For years, burnout has been framed as a time-management issue.
Too many meetings.
Too many emails.
Too many responsibilities.
But after working with corporate leaders, medical professionals, entrepreneurs, and high-
performing women for decades, I can say this with clinical clarity: Burnout is not primarily a
workload problem.
It is a safety problem. When the nervous system does not feel safe for prolonged periods, the
body eventually shuts down performance to preserve survival. That shutdown is what we
label “burnout.”
The Nervous System at Work: A Polyvagal Lens
Stephen Porges, founder of Polyvagal Theory, reframed how we understand stress. His work
shows that the autonomic nervous system is constantly scanning for cues of safety or threat a
process called neuroception. In corporate environments, this scan is happening every second.
The body is asking:
● Am I respected here?
● Am I protected here?
● Am I predictable here?
● Can I make a mistake here without being shamed?
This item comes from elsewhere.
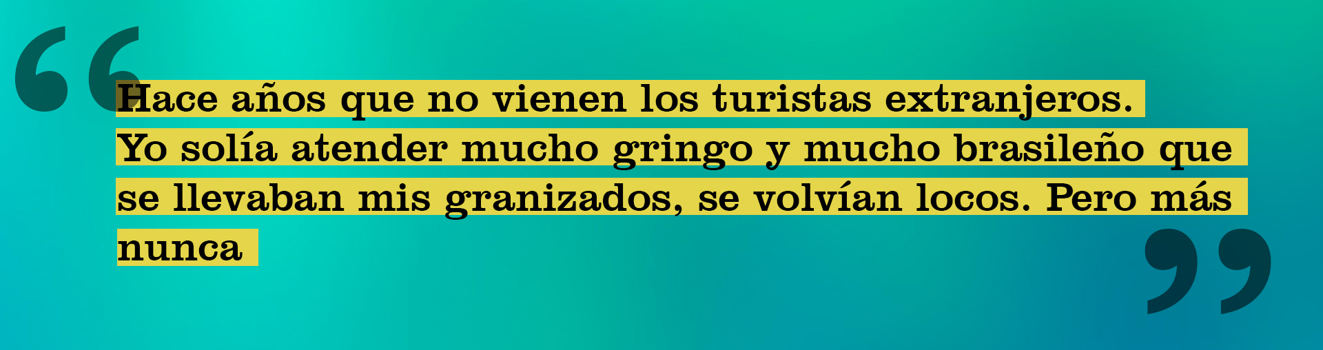 José “Cheo” Cariaco ha pasado los últimos veintidós —de sus treinta y ocho— años vendiendo jugos en una concurrida esquina de la calle Maneiro de Puerto la Cruz. Sirve alrededor de ochocientos vasos durante el día entre las 8 de la mañana y las 2 de la tarde, entre conversaciones, empanadas y las innumerables colas para adquirir productos que se forman alrededor. Se puede ver a gente de toda clase esperando su turno para ser atendidos, puesto que los jugos de Cheo son famosos por contar con las dosis precisas de hielo, azúcar y frutas. “Me ha ido bien con este negocio, pero siempre he querido montar una papelería, lo que pasa es que es muy difícil y costoso”, confiesa risueño, sorprendido ante la propuesta de ser entrevistado por alguien que ha comprado sus batidos desde hace quince años. La ciudad no siempre colabora, pero el ánimo de Cheo lo ha impulsado a mantenerse en su esquina. “A Puerto la cruz le falta de todo, para empezar un buen gobierno, como a todo el país. Hace años que no vienen los turistas extranjeros. Yo solía atender mucho gringo y mucho brasileño que se llevaban mis granizados, se volvían locos. Pero más nunca. Y es que cómo, si esto es un desastre”. Víctima de la escasez, se ha visto obligado a requerir los servicios de los revendedores para abastecerse con leche en polvo y azúcar. “Los clientes no siempre entienden que uno tiene que subir los precios por eso”.

If the answer is “no,” even subtly, the sympathetic system activates: vigilance, anxiety,
overwork, hyper-responsibility. If the threat persists, the system eventually collapses into
dorsal shutdown: disengagement, fatigue, apathy, cynicism. That is burnout physiology.
Not weakness.
Not laziness.
Not lack of resilience.Prolonged unsafety.
Invisible Threat Cues in Corporate Culture
Leaders often believe they are fostering high performance while inadvertently creating
chronic threat signals.
Here are the invisible cues that dysregulate teams:
1. Unpredictability
● Frequent strategic pivots without explanation.
● Changing KPIs mid-quarter.
● Sudden leadership decisions without transparency.
The nervous system equates unpredictability with danger.
2. Public Humiliation (Even Subtle)
● Sarcasm in meetings.
● Calling someone out without psychological containment.
● Tone that signals contempt.
The body processes humiliation as social exclusion historically a survival threat.
3. Instability
● Rumors of layoffs.
● Opaque promotion pathways.
● Inconsistent feedback.
When stability disappears, creativity shuts down. The system prioritizes self-protection.
Why Perk Don’t Fix Dysregulation
Free lunches do not regulate vagal tone.
Wellness webinars do not override chronic threat signals.
Yoga rooms do not repair humiliation. When leaders attempt to solve burnout with surface-
level perks, employees feel something deeper:
“In my exhaustion, you offered me fruit.”
Regulation is not about amenities.
It is about relational safety. If meetings feel unsafe, no meditation app will compensate.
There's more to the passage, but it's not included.